Activity (MN)     01/12/2020

Meeting (MN + SF + MW)     01/12/2020

  • Manually adding inline pragmas is needed to improve program performance, but we need to look at the core to know where to put them.
  • Need to benchmark again with more iterations to get a better average, and continue looking at opportunities to inline monad-bayes.
  • The necessity to inline at the user level is problematic as we can’t expect the user of the DSL to know this stuff.
  • Need to look at MP’s thesis. It has a survey of inlining techniques and all about how GHC behaves.
  • What is an effect system?

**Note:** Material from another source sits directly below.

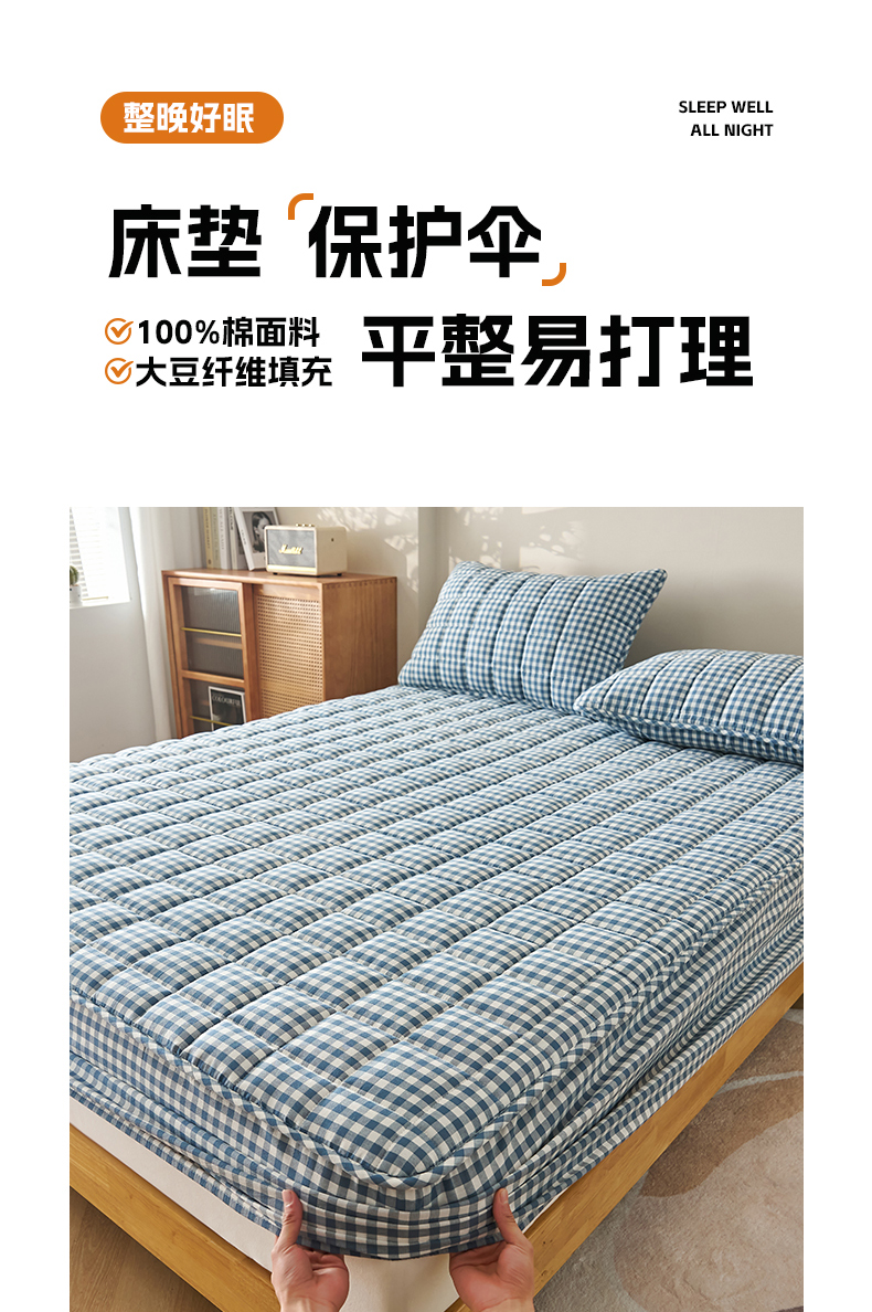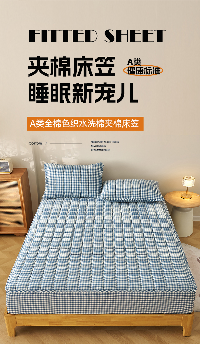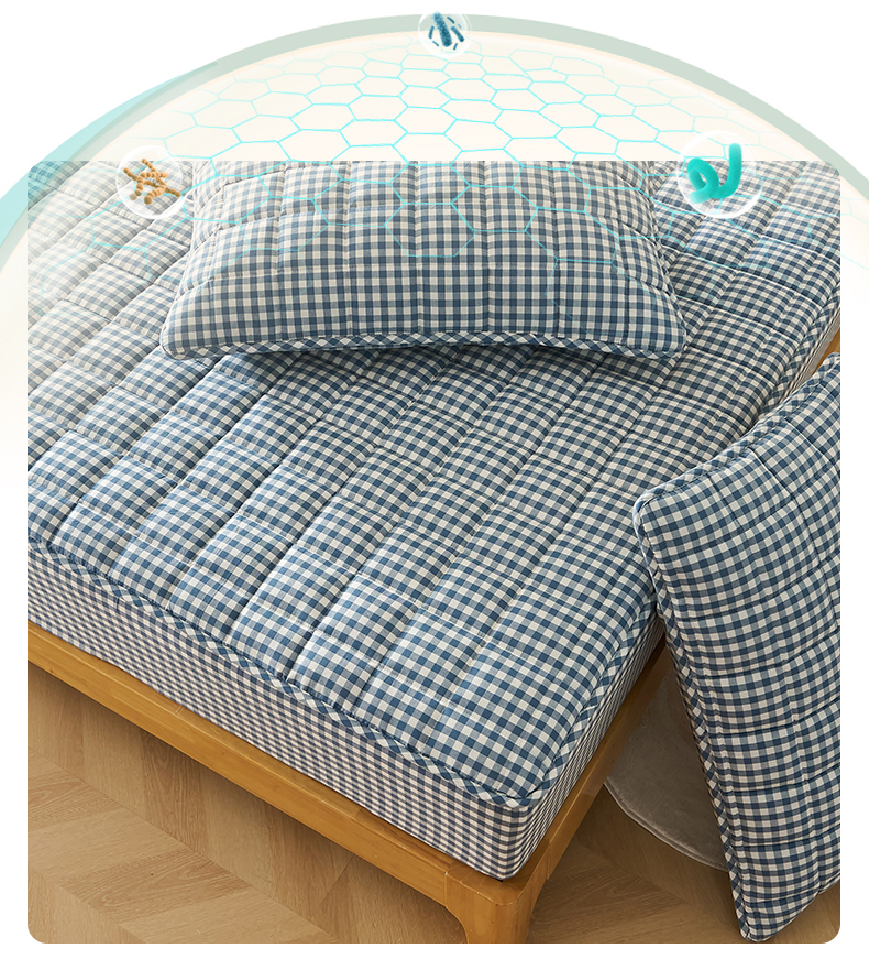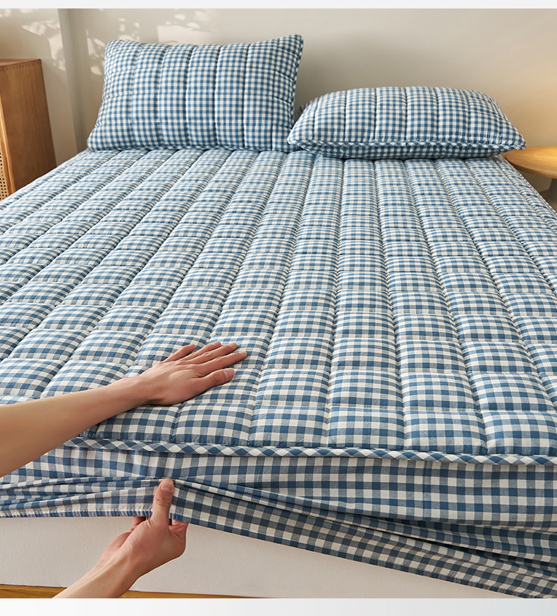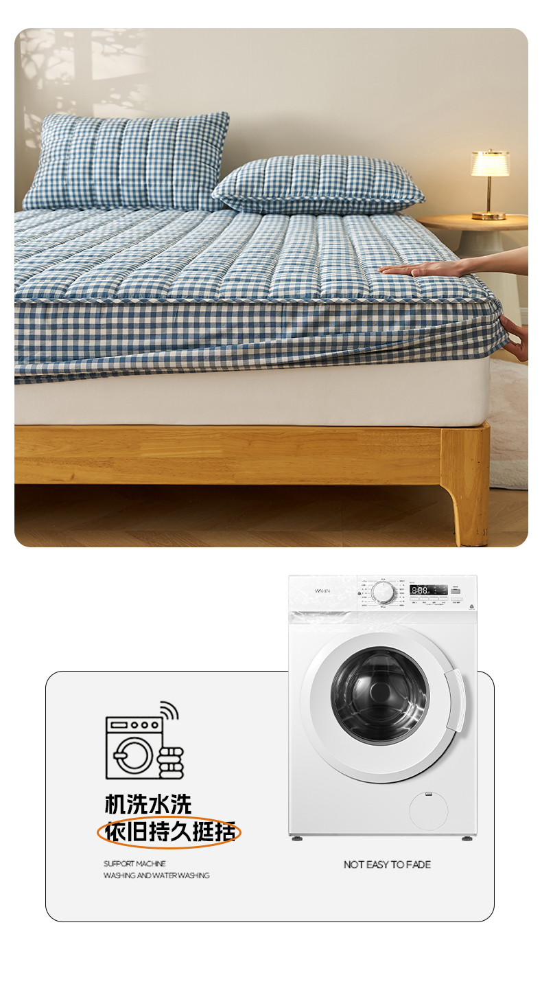 商品名称:锦丝钰床垫 2025春夏新款全棉色织水洗棉床笠 蓝小格

Apparently mtl is not.

Activity (MN)     30/11/2020

  • Figured out and wrote up how to work criterion with cabal
  • Recorded benchmarks for differently inlined versions of monad-bayes

Meeting (MN + AZ)     27/11/2020

  • Research hypothesis currently would be that all of this inlining results in a faster library. Need to go back and benchmark & record timings for each optimisation change on monad-bayes when looking at core to see whether things have actually improved. Benchmark program will be PMMH inference on a HMM.
  • Need to create a handrolled version of monad-bayes (w.r.t its inference transformers), and also continue inlining to see how fast we can get the current version of monad-bayes. If the inlined version can reach the speed of the handrolled version, then it is sufficiently fast.
  • Why has GHC not inlined certain definitions automatically? Need to write up on how the GHC inliner works, and get a good understanding of inlining.
  • There’s a discussion to be had about how this style of doing things is bad - if your program is not reaching the desired performance and it’s not obvious as to how to optimise your program, it could be indicative that the compiler is doing something wrong. If such problems need to be solved by looking at core and then simply adding an inline pragma to certain functions, this seems like a pretty sub-optimal way to be writing programs.

Activity (MN)     25/11/2020

Activity (MN)     24/11/2020

  • Got out of cabal hell

    sudo apt-get remove --auto-remove cabal-install
    sudo apt-get purge cabal-install
    
  • Installed ghcup which allows me to set versions of ghc

    curl https://gitlab.haskell.org/haskell/ghcup/raw/master/bootstrap-haskell -sSf | sh
    source /home/minh/.ghcup/env
    ghcup upgrade
    . "$HOME/.ghcup/env"
    echo '. $HOME/.ghcup/env' >> "$HOME/.bashrc"
    
  • Set up new cabal project for probabilistic-programming, using ghc-8.6.5, containing monad-bayes locally and the original code for HMM simulation and PMMH inference which uses monad-bayes as a non-local build dependency.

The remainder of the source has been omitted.